Wednesday, December 1, 2010

growth and passion

{{ This post is part of #reverb10, an annual event and month-long online initiative to reflect on this year and manifest what's next for 2011.

Today's prompt: One word.  Encapsulate the year 2010 in one word.  Explain why you're choosing that word.  Now, imagine it's one year from today, what would you like the word to be that captures 2011 for you? }}

 {via}

2010 has been a pivotal year for me.  Letting go of toxic friendships.  Investing more in healthier friendships.  Committing to therapy.  Getting back in the dating game.  Discovering my passion to make a difference in this world.  Learning what it means to live life on my own terms.  

How do I describe this year in one word?  GROWTH.

I was one of those people who thought I had all the answers.  I thought I could fix anything, do anything, and work through pain on my own.  But then I found myself sitting on my bathroom floor at 2AM on a Tuesday night in March, sobbing uncontrollably.  I knew why I was crying, but I didn't want to admit it.  Because when you admit something and put it out there, it becomes real.  Seven years of not grieving properly for my mother, and fifteen years of not grieving properly for my father, had finally caught up to me.  I knew it was time to seek professional help.  I knew it was finally time to work through my pain and grieve for my parents.  It takes courage to see a therapist, and I truly admire any person who has sought professional help.

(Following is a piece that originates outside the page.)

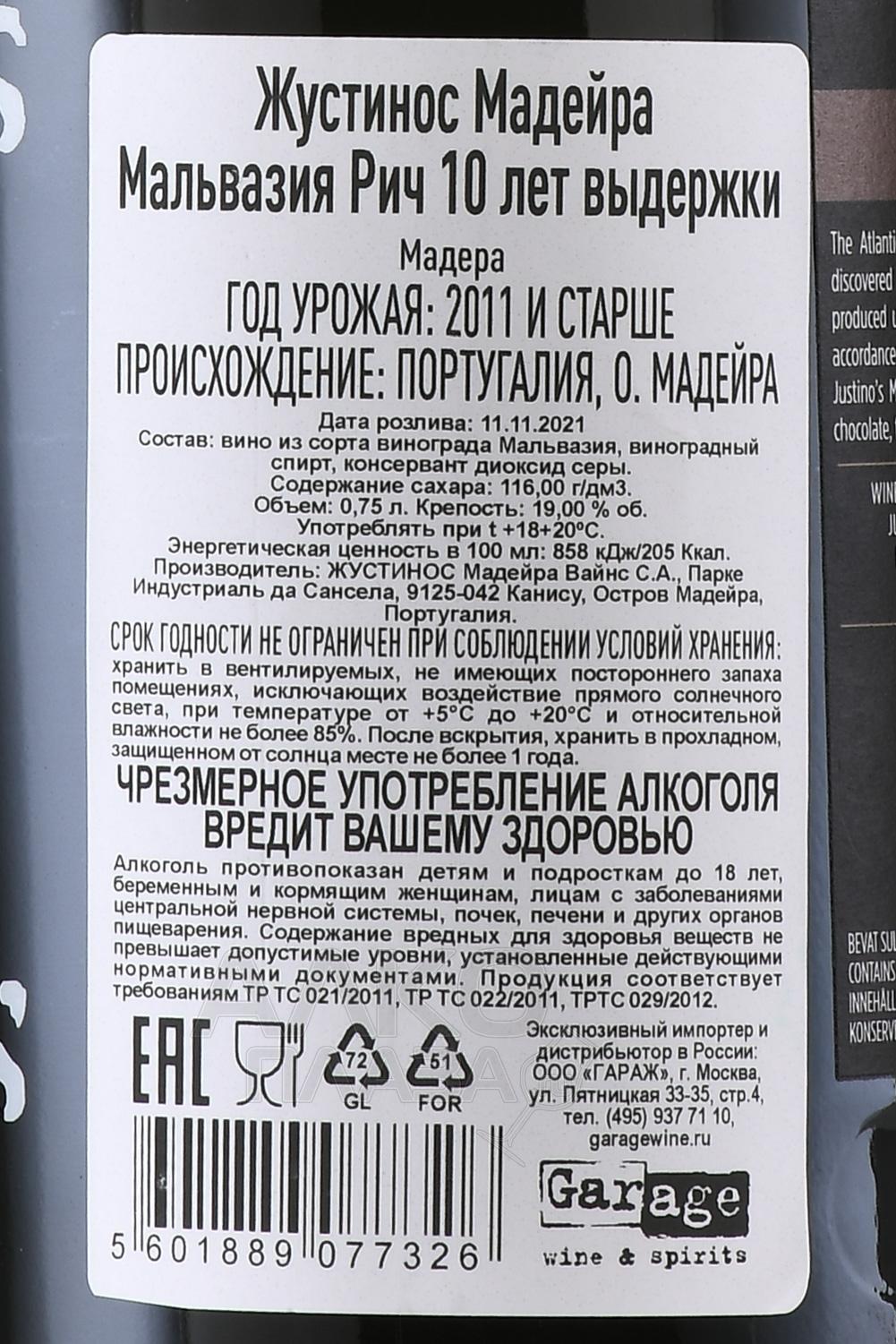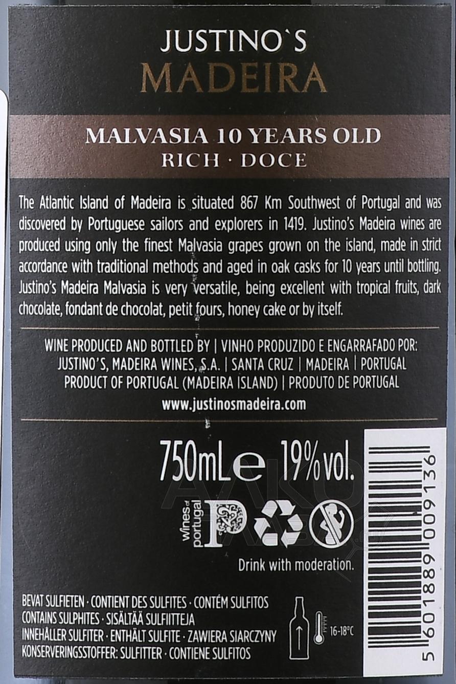 Justino’s Madeira Malvasia Rich - Жустинос Мадера Мальвазия Рич 10 лет 0.75 л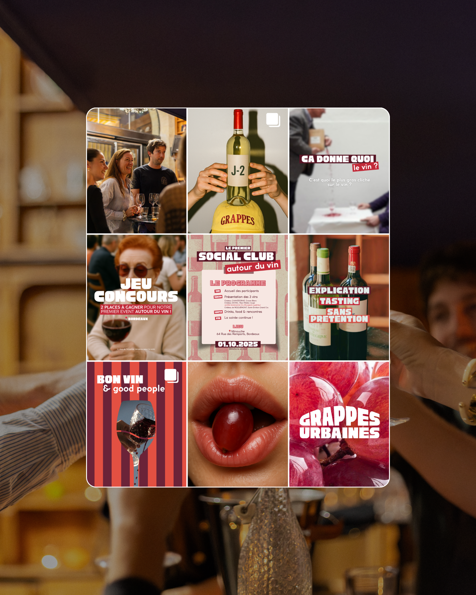 Pour Grappes Urbaines, nous avons imaginé une stratégie de contenu complète mêlant informations, notoriété et performance. D’un côté, des contenus informatifs (flyers digitaux, annonces d’événements, actualités) pour animer la communauté et relayer les temps forts du social club. De l’autre, des contenus de notoriété comme des vidéos de présentation du concept ou des micro-trottoirs pour incarner la marque et casser les codes du vin traditionnel.

It's been eight months of therapy and I didn't think I would get here.  To a point in my life where my heart doesn't constantly ache over losing my parents.  To accept the fact that, yes, this is my life, and be okay with it.  I still have bad days and bad moments.  My heart still aches, but the pain has subsided a bit.  I still miss them, and will always miss them. I've grown tremendously over this last year through acknowledgment and acceptance and it feels wonderful.


This time, next year...

I want to be passionate.  About my career.  About graduate school.  About my friendships.  About my life.  I want my passion to resonate in those around me and inspire others to make a change, conquer a fear, and live passionately.   

How would you encapsulate your year in one word?  And how do you hope to describe your 2011?